Task prompt:
Leaving out the images, reproduce every line of the data that follows exactly.

Given material:
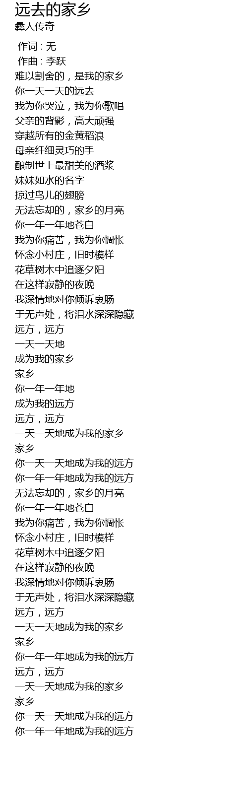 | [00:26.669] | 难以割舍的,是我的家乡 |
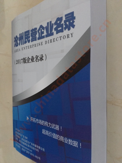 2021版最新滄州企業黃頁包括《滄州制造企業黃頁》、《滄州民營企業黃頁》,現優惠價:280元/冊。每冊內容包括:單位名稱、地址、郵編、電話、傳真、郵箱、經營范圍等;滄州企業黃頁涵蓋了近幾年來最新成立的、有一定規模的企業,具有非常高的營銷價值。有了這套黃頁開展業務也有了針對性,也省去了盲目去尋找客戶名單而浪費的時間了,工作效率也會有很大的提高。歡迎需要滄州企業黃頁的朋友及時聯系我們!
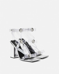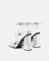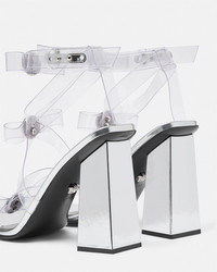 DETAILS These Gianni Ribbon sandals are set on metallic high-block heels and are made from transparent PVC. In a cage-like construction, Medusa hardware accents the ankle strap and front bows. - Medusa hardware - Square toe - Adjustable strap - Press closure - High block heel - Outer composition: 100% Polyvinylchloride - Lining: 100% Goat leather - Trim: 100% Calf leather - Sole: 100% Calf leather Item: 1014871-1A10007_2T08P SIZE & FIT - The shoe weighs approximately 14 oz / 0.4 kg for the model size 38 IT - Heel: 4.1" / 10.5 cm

Your solution:
 | [00:26.669] | 难以割舍的,是我的家乡 |
 2021版最新滄州企業黃頁包括《滄州制造企業黃頁》、《滄州民營企業黃頁》,現優惠價:280元/冊。每冊內容包括:單位名稱、地址、郵編、電話、傳真、郵箱、經營范圍等;滄州企業黃頁涵蓋了近幾年來最新成立的、有一定規模的企業,具有非常高的營銷價值。有了這套黃頁開展業務也有了針對性,也省去了盲目去尋找客戶名單而浪費的時間了,工作效率也會有很大的提高。歡迎需要滄州企業黃頁的朋友及時聯系我們!
 DETAILS These Gianni Ribbon sandals are set on metallic high-block heels and are made from transparent PVC. In a cage-like construction, Medusa hardware accents the ankle strap and front bows. - Medusa hardware - Square toe - Adjustable strap - Press closure - High block heel - Outer composition: 100% Polyvinylchloride - Lining: 100% Goat leather - Trim: 100% Calf leather - Sole: 100% Calf leather Item: 1014871-1A10007_2T08P SIZE & FIT - The shoe weighs approximately 14 oz / 0.4 kg for the model size 38 IT - Heel: 4.1" / 10.5 cm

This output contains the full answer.